#### [EXERCISE PROMPT]
Copy each line below as it stands, but skip any picture it contains.

#### [PROVIDED MATERIAL]
*****
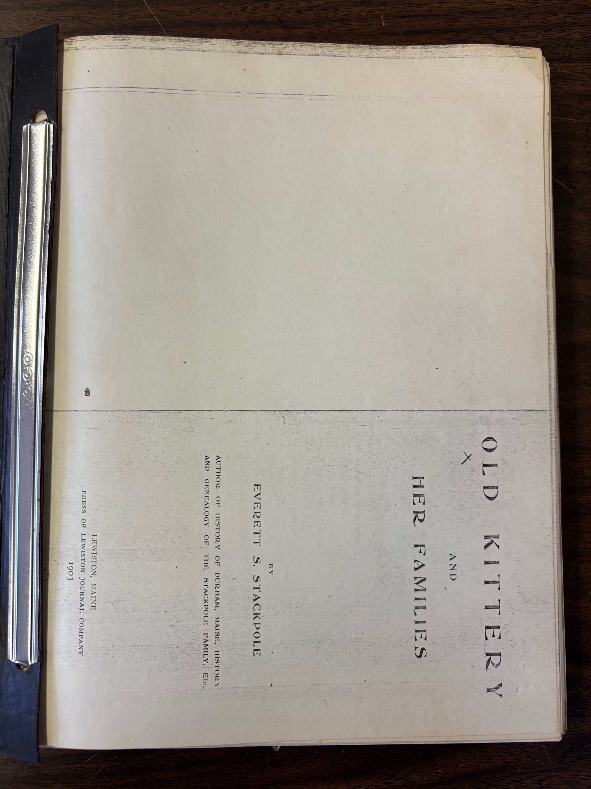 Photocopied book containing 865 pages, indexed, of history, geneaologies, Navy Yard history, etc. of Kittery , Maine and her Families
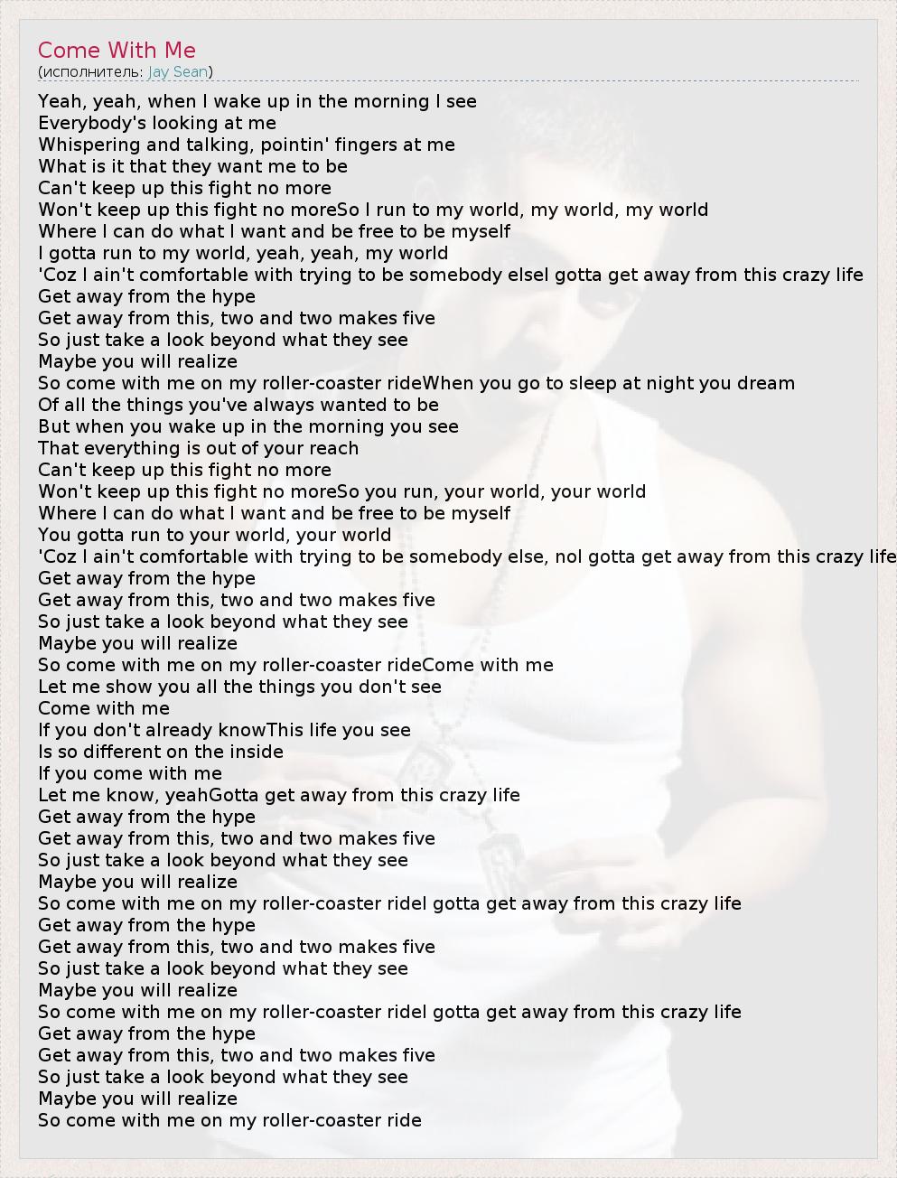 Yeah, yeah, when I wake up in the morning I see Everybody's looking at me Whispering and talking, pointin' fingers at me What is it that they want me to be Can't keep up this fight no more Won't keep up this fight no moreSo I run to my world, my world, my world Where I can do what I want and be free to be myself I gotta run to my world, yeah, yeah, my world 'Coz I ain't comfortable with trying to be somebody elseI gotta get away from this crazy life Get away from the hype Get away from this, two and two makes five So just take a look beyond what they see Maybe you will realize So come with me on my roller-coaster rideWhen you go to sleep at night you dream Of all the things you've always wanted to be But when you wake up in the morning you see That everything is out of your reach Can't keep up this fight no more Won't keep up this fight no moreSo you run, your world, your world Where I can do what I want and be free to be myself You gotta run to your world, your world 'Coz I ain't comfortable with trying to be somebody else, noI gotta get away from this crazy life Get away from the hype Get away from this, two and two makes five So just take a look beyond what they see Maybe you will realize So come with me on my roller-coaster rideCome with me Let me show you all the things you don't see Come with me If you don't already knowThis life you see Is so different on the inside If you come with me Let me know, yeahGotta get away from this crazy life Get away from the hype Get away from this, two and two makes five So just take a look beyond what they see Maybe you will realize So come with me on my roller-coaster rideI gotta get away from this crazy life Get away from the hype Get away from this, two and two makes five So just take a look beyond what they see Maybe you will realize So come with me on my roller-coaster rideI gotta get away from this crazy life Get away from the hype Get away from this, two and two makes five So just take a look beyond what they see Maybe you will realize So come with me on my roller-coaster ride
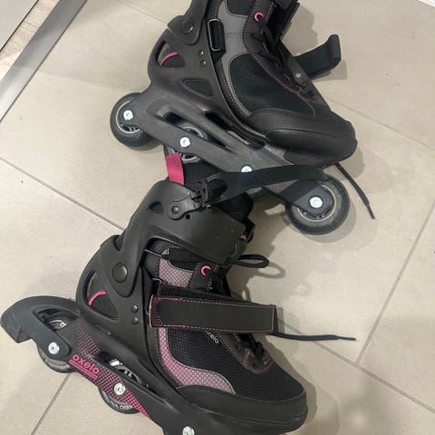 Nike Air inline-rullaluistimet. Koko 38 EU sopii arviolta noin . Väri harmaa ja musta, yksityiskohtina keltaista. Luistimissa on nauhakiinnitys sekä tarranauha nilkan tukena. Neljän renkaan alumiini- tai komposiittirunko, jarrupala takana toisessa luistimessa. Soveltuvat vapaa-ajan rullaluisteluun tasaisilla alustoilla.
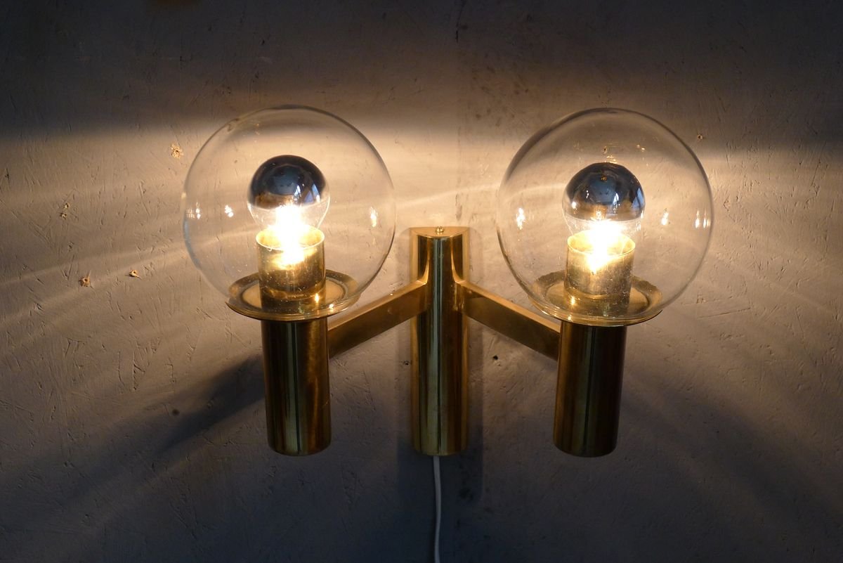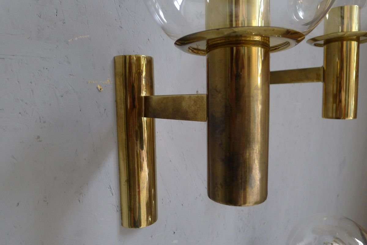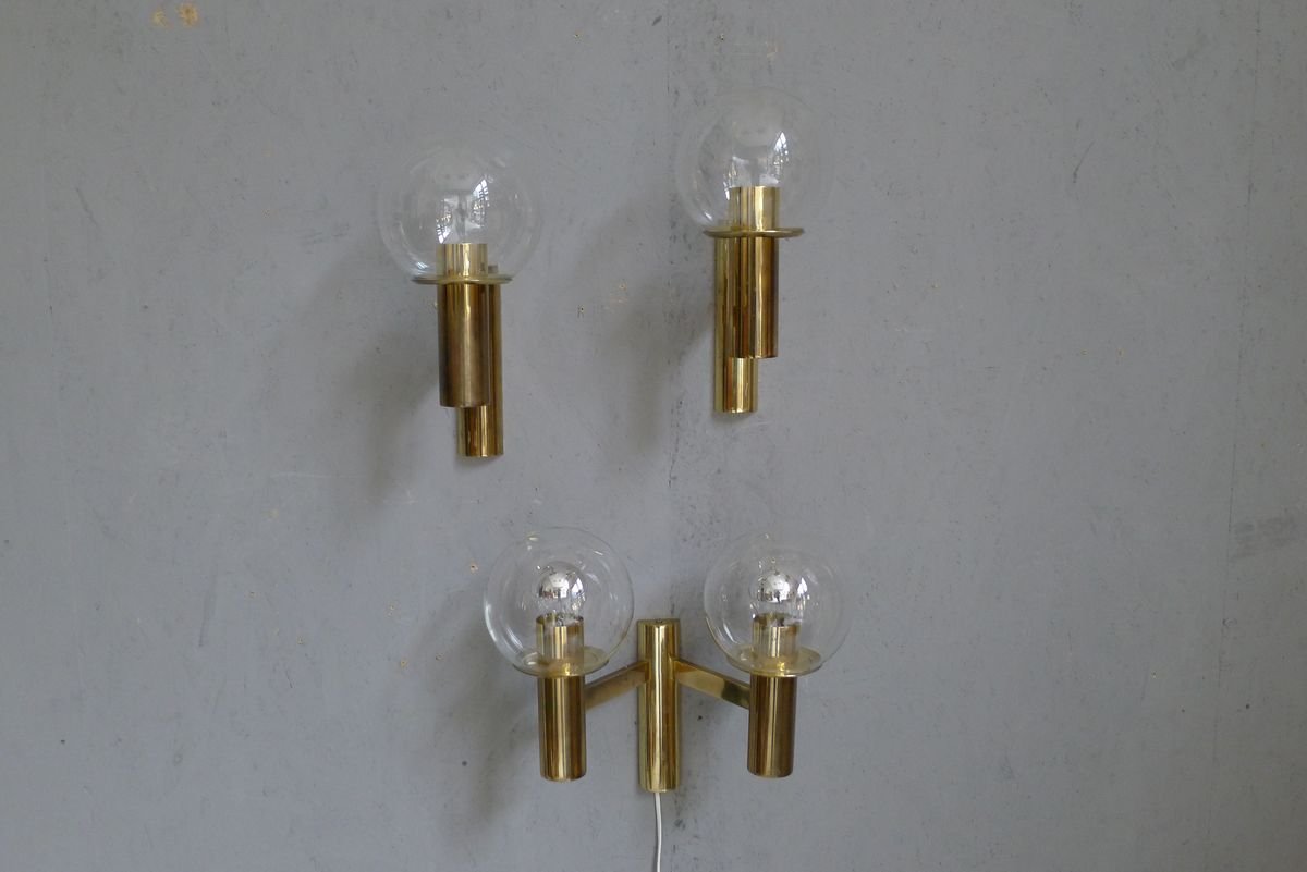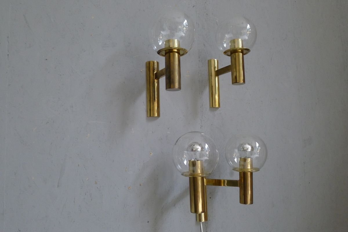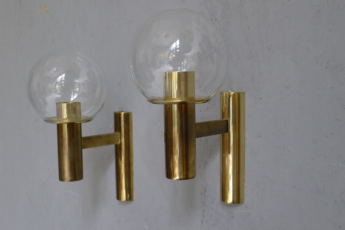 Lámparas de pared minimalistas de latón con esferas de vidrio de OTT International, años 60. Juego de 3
*****
#### [ANSWER FOR THE TASK]
 Photocopied book containing 865 pages, indexed, of history, geneaologies, Navy Yard history, etc. of Kittery , Maine and her Families
 Yeah, yeah, when I wake up in the morning I see Everybody's looking at me Whispering and talking, pointin' fingers at me What is it that they want me to be Can't keep up this fight no more Won't keep up this fight no moreSo I run to my world, my world, my world Where I can do what I want and be free to be myself I gotta run to my world, yeah, yeah, my world 'Coz I ain't comfortable with trying to be somebody elseI gotta get away from this crazy life Get away from the hype Get away from this, two and two makes five So just take a look beyond what they see Maybe you will realize So come with me on my roller-coaster rideWhen you go to sleep at night you dream Of all the things you've always wanted to be But when you wake up in the morning you see That everything is out of your reach Can't keep up this fight no more Won't keep up this fight no moreSo you run, your world, your world Where I can do what I want and be free to be myself You gotta run to your world, your world 'Coz I ain't comfortable with trying to be somebody else, noI gotta get away from this crazy life Get away from the hype Get away from this, two and two makes five So just take a look beyond what they see Maybe you will realize So come with me on my roller-coaster rideCome with me Let me show you all the things you don't see Come with me If you don't already knowThis life you see Is so different on the inside If you come with me Let me know, yeahGotta get away from this crazy life Get away from the hype Get away from this, two and two makes five So just take a look beyond what they see Maybe you will realize So come with me on my roller-coaster rideI gotta get away from this crazy life Get away from the hype Get away from this, two and two makes five So just take a look beyond what they see Maybe you will realize So come with me on my roller-coaster rideI gotta get away from this crazy life Get away from the hype Get away from this, two and two makes five So just take a look beyond what they see Maybe you will realize So come with me on my roller-coaster ride
 Nike Air inline-rullaluistimet. Koko 38 EU sopii arviolta noin . Väri harmaa ja musta, yksityiskohtina keltaista. Luistimissa on nauhakiinnitys sekä tarranauha nilkan tukena. Neljän renkaan alumiini- tai komposiittirunko, jarrupala takana toisessa luistimessa. Soveltuvat vapaa-ajan rullaluisteluun tasaisilla alustoilla.
 Lámparas de pared minimalistas de latón con esferas de vidrio de OTT International, años 60. Juego de 3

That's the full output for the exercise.